Recognizing the unique role of mathematics as a foundational language across scientific areas and its importance in fostering research collaborations, our study specifically investigates the collaboration network of mathematicians (Asif & Islam,
2016; Grossman,
2002). With this in mind, we focus on scientific collaboration and career development within the mathematical circle and wonder what the underlying community structure in the collaboration network of mathematicians is and what roles elite ones play within their communities compared with their peers. These research questions aim to identify and analyze communities within the collaboration network, shedding light on the collaborative characteristics of elite mathematicians and their peers in advancing mathematical research. To achieve this, the study draws publication data from OpenAlex (Priem et al.,
2022), an open dataset, and collects supplementary information on mathematical awards.

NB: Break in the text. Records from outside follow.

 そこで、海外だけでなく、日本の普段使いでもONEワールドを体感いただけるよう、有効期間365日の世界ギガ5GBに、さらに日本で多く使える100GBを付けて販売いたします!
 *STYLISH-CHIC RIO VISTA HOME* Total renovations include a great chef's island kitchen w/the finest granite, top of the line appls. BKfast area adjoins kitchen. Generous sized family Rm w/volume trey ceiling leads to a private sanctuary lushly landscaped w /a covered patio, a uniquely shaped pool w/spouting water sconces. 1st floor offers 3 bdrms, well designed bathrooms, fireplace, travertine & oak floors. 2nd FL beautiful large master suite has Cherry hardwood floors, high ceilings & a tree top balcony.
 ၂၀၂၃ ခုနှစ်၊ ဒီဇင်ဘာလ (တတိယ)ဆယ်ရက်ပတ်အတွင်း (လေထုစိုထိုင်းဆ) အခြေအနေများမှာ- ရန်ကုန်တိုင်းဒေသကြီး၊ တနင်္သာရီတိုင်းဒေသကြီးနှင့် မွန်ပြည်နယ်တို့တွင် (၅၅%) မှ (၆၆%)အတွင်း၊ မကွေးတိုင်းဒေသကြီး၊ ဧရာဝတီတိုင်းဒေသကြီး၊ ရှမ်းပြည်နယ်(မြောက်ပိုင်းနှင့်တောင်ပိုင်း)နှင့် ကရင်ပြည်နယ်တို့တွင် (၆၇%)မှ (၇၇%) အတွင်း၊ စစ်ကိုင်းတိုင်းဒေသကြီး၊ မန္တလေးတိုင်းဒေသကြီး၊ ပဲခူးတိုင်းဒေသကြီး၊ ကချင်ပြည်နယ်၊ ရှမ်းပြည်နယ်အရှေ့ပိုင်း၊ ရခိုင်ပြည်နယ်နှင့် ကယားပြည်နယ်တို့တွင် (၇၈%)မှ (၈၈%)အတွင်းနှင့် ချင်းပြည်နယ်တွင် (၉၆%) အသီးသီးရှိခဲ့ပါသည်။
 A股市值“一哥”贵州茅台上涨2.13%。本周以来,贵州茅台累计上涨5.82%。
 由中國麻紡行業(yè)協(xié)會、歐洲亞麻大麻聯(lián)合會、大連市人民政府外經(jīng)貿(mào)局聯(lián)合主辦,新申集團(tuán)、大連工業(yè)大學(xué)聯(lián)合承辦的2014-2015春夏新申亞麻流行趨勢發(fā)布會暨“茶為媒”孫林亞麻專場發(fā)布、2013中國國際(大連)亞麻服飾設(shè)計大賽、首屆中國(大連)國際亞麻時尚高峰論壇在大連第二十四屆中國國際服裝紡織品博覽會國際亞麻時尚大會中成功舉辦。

Focusing on collaborations among mathematicians, including recipients of prestigious awards in the field of mathematics such as the Fields Medal and Lobachevsky Prize, the research aims to uncover and delineate clusters of collaborations within this network by applying two community detection algorithms: Greedy Modularity Maximization (GMM) (Clauset et al.,
2004) and Infomap (Rosvall et al.,
2009). Subsequently, a detailed analysis of these detected communities will be conducted, probing into their inherent characteristics, such as collaborative traits and impact within distinct mathematical sub-fields.